I Greci chiamavano il tempo con due parole diverse: CHRONOS è il tempo cronologico, quello che si misura, KAIROS è un tempo indeterminato nel quale accade qualcosa di molto significativo, un tempo non quantificabile, dotato di una natura permanente al cui interno c’è quello che si potrebbe definire un “momento supremo”. E’ il tempo in cui si presenta un’opportunità, un’apertura da attraversare con energia.

In queste settimane prevale nella mia esperienza kairos, una sorta di bolla temporale che sfuma i contorni dei giorni, costruisce un nuovo ritmo e dilata gli attimi; l’altra faccia di questo tempo è un nuovo spazio che si stringe in un orizzonte limitato. La mente, la potenza creatrice dell’immaginazione, potrebbe varcare il limite fisico e inneggiare alla libertà, cogliere l’occasione, lasciare spazio a pensieri e azioni finora mancate.

Sarebbe bello.

Ma quello che spinge ai confine della mia bolla e della mia casa è invece una grande angoscia, che vedo danzare in lontananza ma che a volte volteggia sopra la mia testa, la sento sfiorarmi nella mia ombra e ho paura.

L’unica salvezza che vedo nell’oggi è osservare i dettagli del quotidiano: la nuvola, l’orchidea, il volto e il corpo di chi amo; respirare, cerco l’aria come se da un momento all’altro dovesse mancarmi; il calore del sole che mi fa sentire amata.

C’è anche una salvezza che arriva dal passato, è tutta in un ricordo:
mia madre è seduta come sempre sullo sgabello in cucina, vicino alla finestra; mi inginocchio e appoggio la mia testa sulle sue gambe; la sua mano rugosa mi sfiora i capelli e il volto, più volte, con dolcezza. Sento ancora il suono della sua voce: “Andrà tutto bene”.

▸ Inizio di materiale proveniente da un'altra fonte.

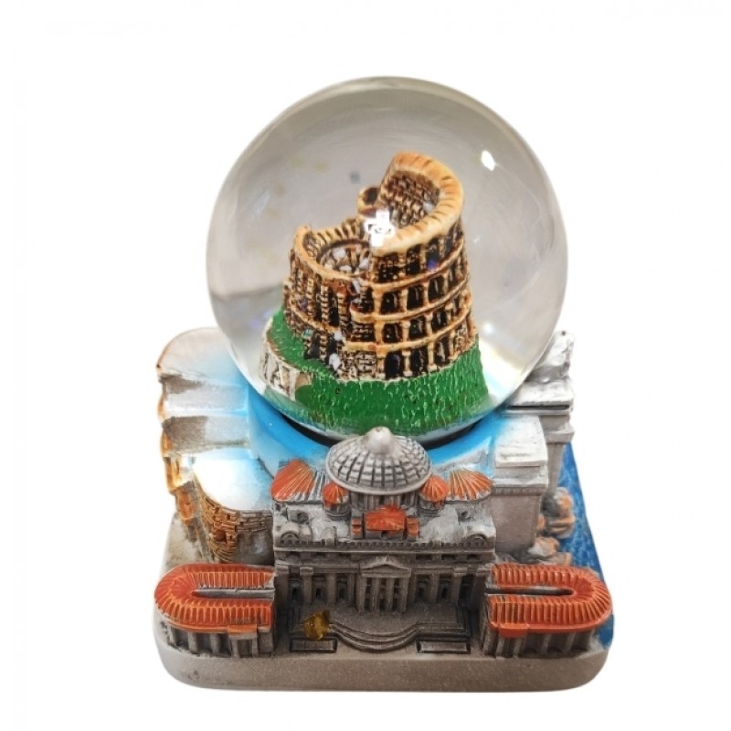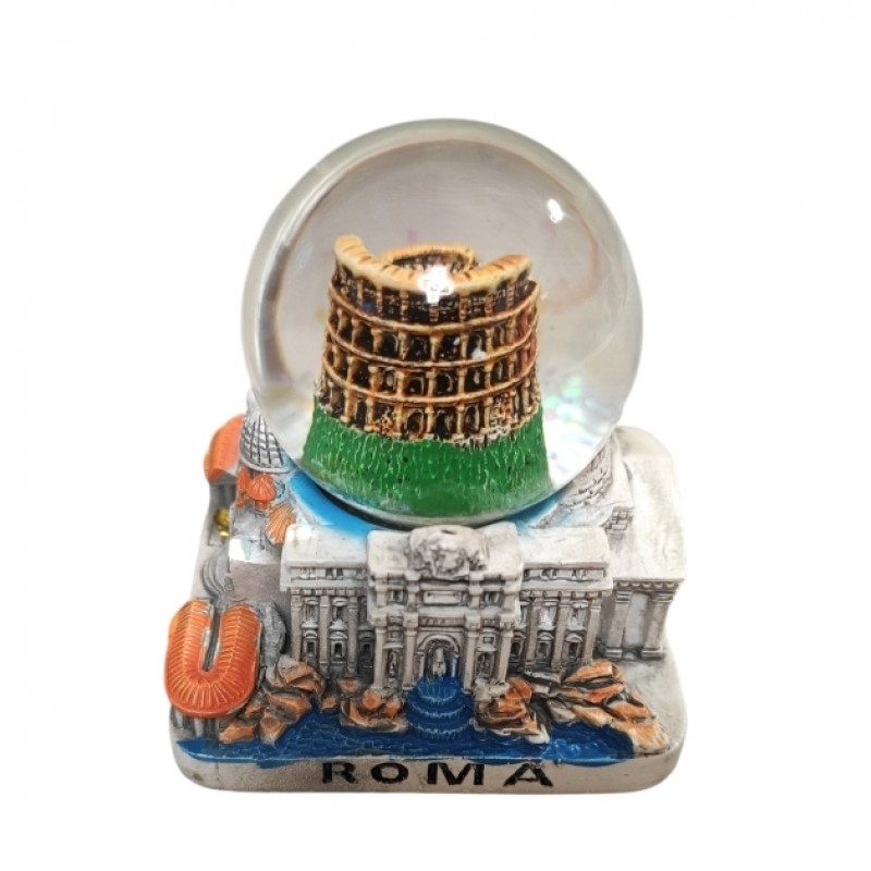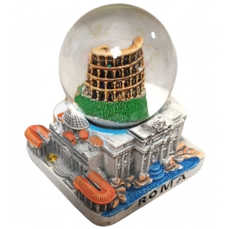 - PALLA SFERA DI NEVE BOLLA VETRO ROMA COLOSSEO MEDIO BASE QUADRATO SOUVENIR ROME

L’eco di queste parole rende il mio kairos un attimo eterno in cui la cura materna passa da mia madre a me, da me a mia figlia, da mia figlia alla creatura nuova che sarà.

Non so quando chronos riprenderà il suo posto, ma so che niente sarà come prima; l’umanità uscirà dal suo collo di bottiglia e io con lei; guarderemo i cocci, taglienti e luminosi, fisseremo gli occhi in altri occhi, ci faremo le domande di sempre.

Per ora non ho risposte se non l’eco della voce di mia madre.